I have a predilection for the diaristic genre, it is a narrative form that tends to reveal and as such appeals to the confessional impulse and thereby the voyeuristic and exhibitionist binary.That dynamic can be titillating, but my interest lies more in the torrent of words the format is prone to produce. My attempts to emulate this mode here have not really proved successful. I am realizing the difficulty in breaking ingrained habits. My writing veers toward the elliptical, it has a propensity for condensed kernels (of dubious merit sometimes). Verbosity seemed to be the way to counter my inclination for elliptical writing. This strategic constraint aimed to loosen the hold of the rational and to free the form of the curatorial essay from its role as road map to the exhibition. awashawave wants you to get lost. The first entry stated:“It’s about inundation as opposed to distillation” and I am prone to distill as opposed to inundate. Counter-currents. I maintain, however, that there is an immersive property to be gleaned from reductive tendencies. I think that it is all in the wavering, the fluctuating. The ambivalence caused by lack does not differ much from the one caused by excess. awashawave offers both extremes as ends that meet. Does stubborn ambivalence and ambiguity have a political dimension? Is the calculated apositioning equatable with standing on the sidelines and acquiescing? The politics of awashawave are left to you.

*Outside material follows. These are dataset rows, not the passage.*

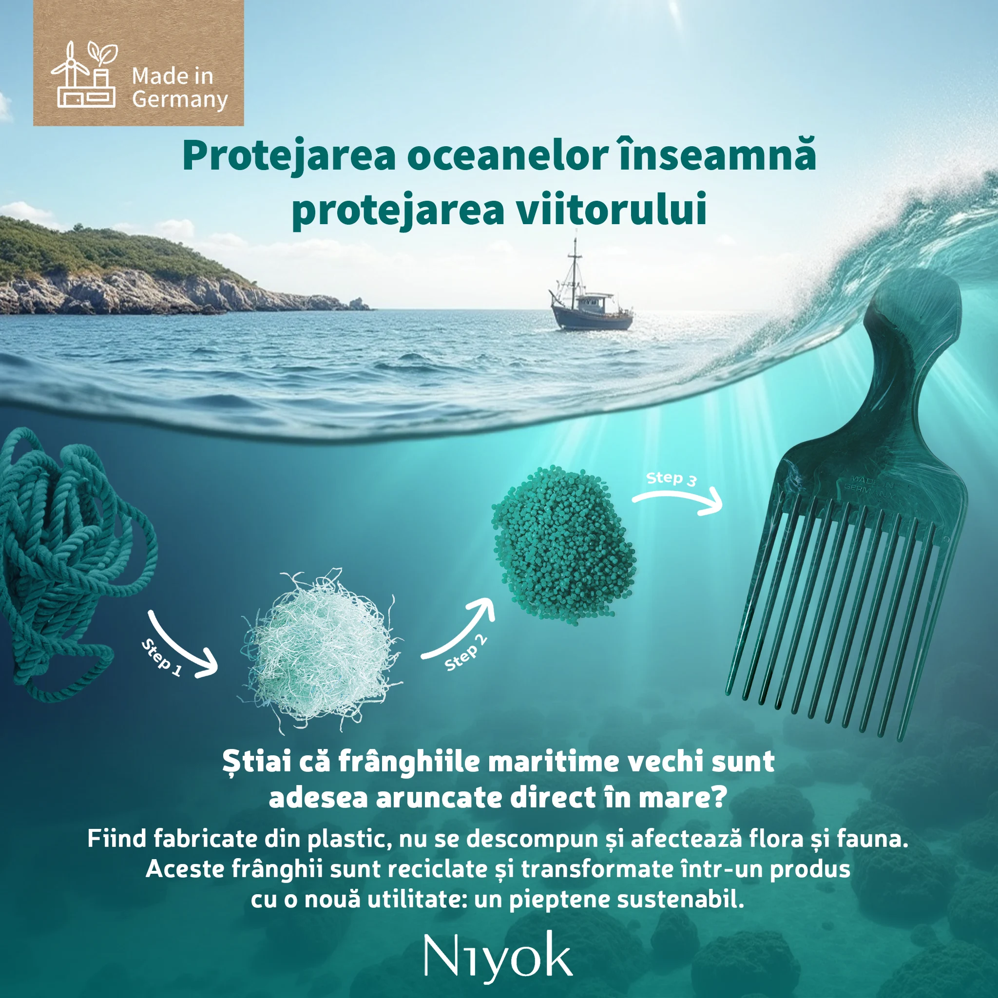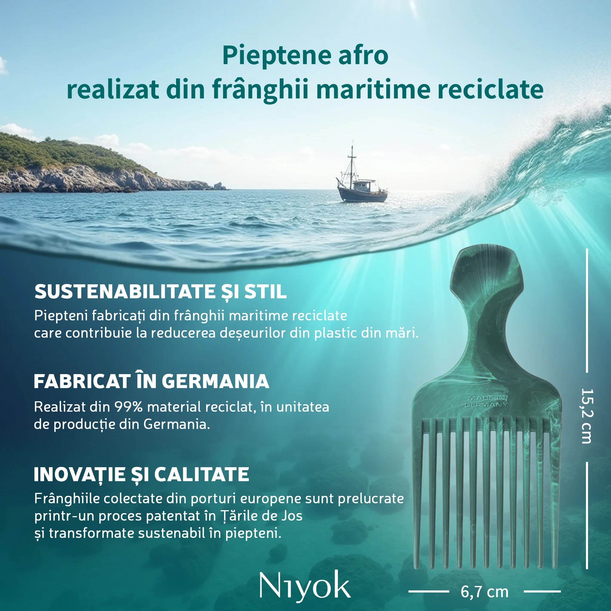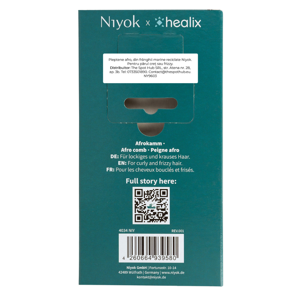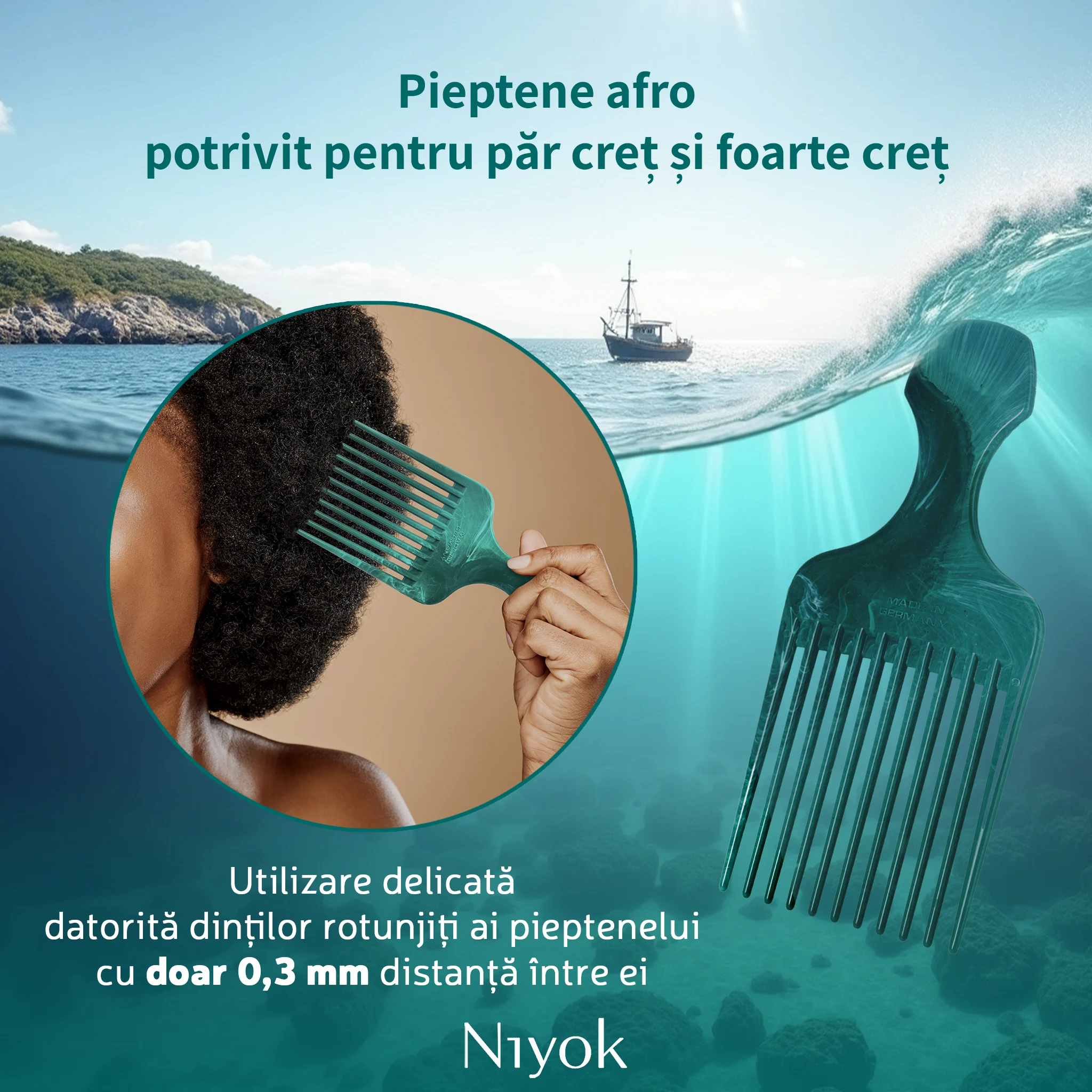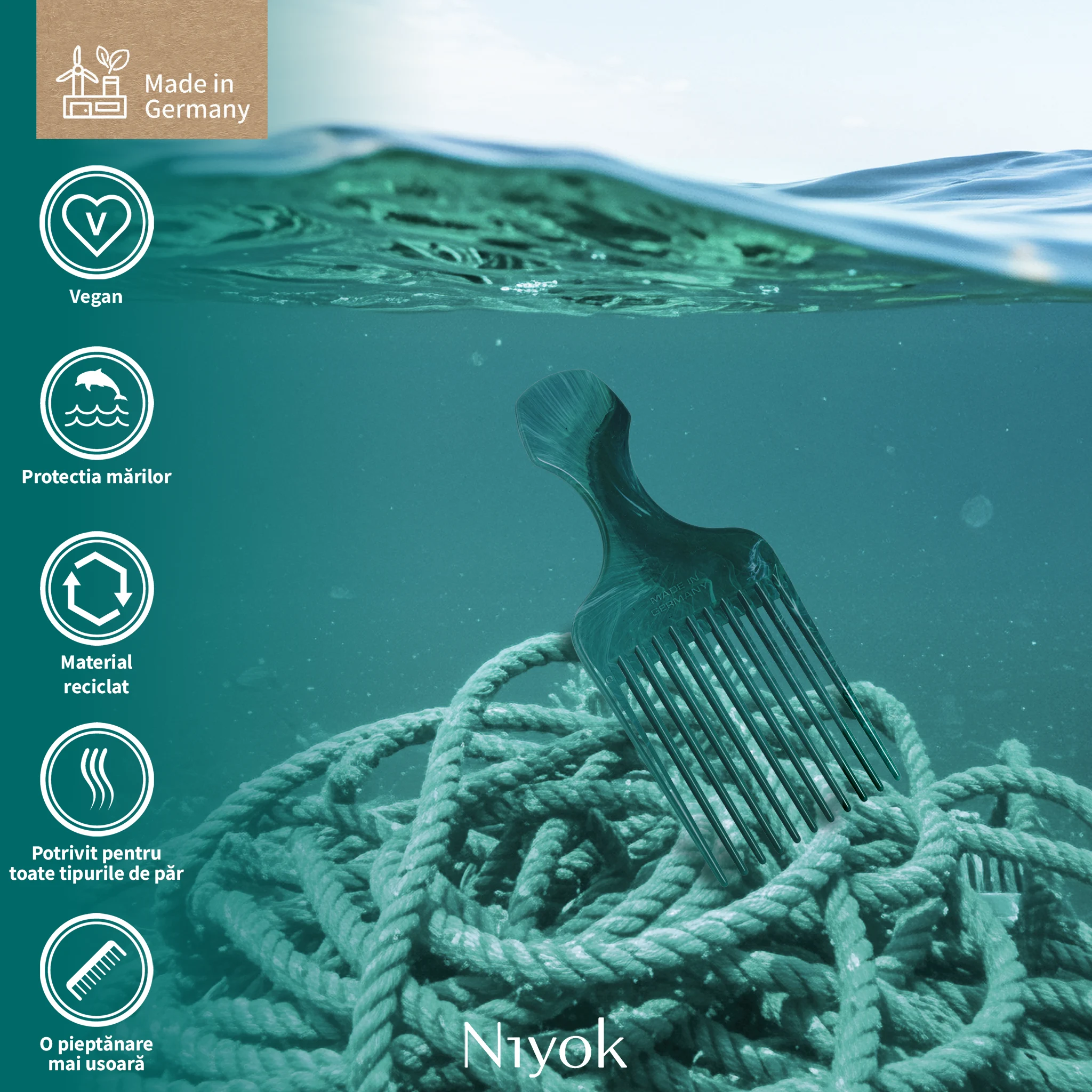 Pieptanul Afro Niyok pentru par cret, foarte cret, afro sau frizzy este un pieptan profesional, conceput special pentru a oferi descurcare delicata, volum si definire naturala, fara rupere sau electrizare. Fabricat in Germania din 99% franghii maritime reciclate, acest produs este rezultatul colaborarii Niyok x Healix, un proiect sustenabil care transforma deseurile marine in accesorii premium pentru ingrijirea parului. Datorita dintilor lati si designului ergonomic, pieptanul este ideal pentru utilizare zilnica, atat pe par umed, cat si pe par uscat sau cu produse leave-in, pastrand forma buclelor si textura naturala a parului.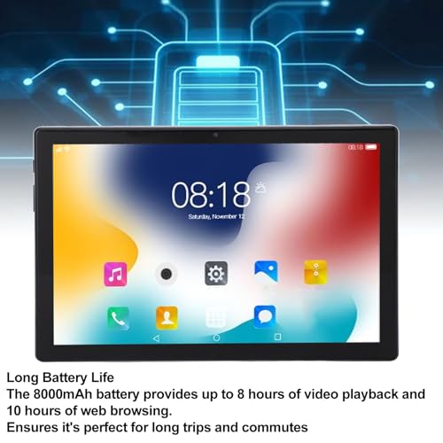- LONG BATTERY LIFE: The for Android tablet comes with an 8000mAh battery that delivers up to 8 hours of video playback and 10 hours of web browsing, ensuring that it's for long trips and commutes.The Type C charging port supports fast charging, so you can quickly get back to using the tablet when you need to read, watch a movie, play games, music, study, or work.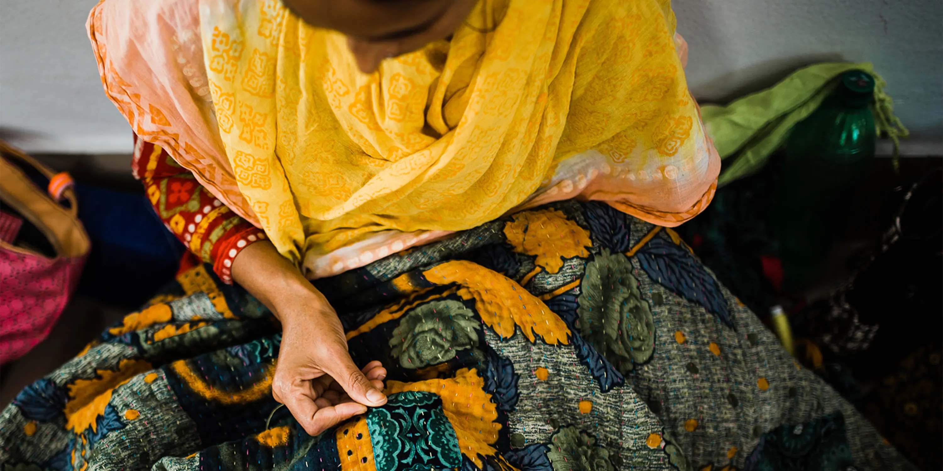 ▲ 正在將一塊老式紗麗縫成被子的婦女 Basha 2021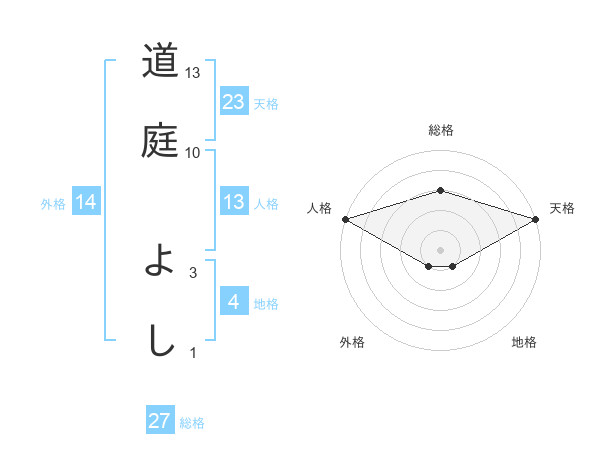 道庭 よしさんの天格は23画の5点!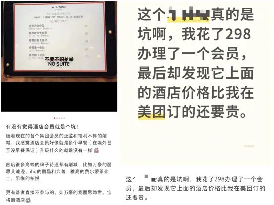 这个过程中,真金白银住出来的最有品牌忠诚度的高等级会员反而被连坐,跟着权益稀释贬值,引发了他们强烈的不满,进而动摇对品牌的信任度和忠诚度。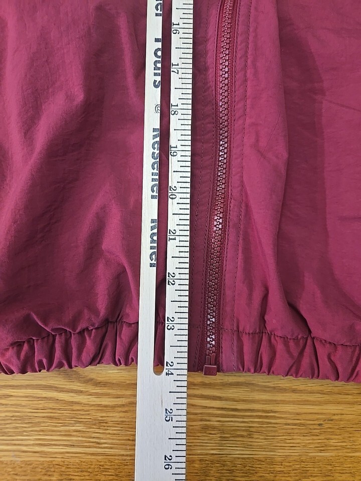 The Jansport Vtg 90s Y2K Sideline Rain Jacket is a vintage piece perfect for any fan of CMU football or sports enthusiasts. Made with nylon outer shell material and lined with polyester, this short-length jacket features a solid red color with a full zip closure and hood. With a regular fit and elastic waist, this jacket is ideal for casual occasions during the winter, fall, or spring seasons. The y2k, college, and 80s/90s sports themes make it a unique and stylish addition to any wardrobe, representing the nostalgia of that era.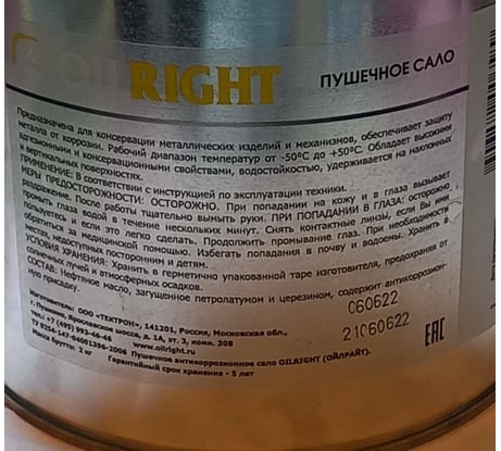 Отзывы о пушечном сале OILRIGHT жестяная банка, 2 кг 6105

in leaving this unfinished, it is difficult to reconcile however with one’s own expectations for a definite statement, an encapsulating summary. A significant strain of thought treads on a similar path of skirting around resolution (surfacing particularly from the 19th century onwards). Blanchot defined writing as the act of “trac[ing] a circle within which the outside of any circle would inscribe itself.”(18) To be inside the outside, to be outside the inside. A container that leaks. Some writers nod in this directionless direction but cannot resist the pull and resulting comfort of a teleological assertion. Authority and power invariably come into play as one negotiates the stakes involved, to undermine them in a meaningful and structural manner is a difficult task. There is a distinct possibility that my position as curator does not allow me to even invoke such a strategy. Nevertheless, here we are both, in a provisional here and now. Let’s leave it at that. (18) Maurice Blanchot, L’entretien infini (Paris: Paris: Gallimard, 1969), 111. Translation mine.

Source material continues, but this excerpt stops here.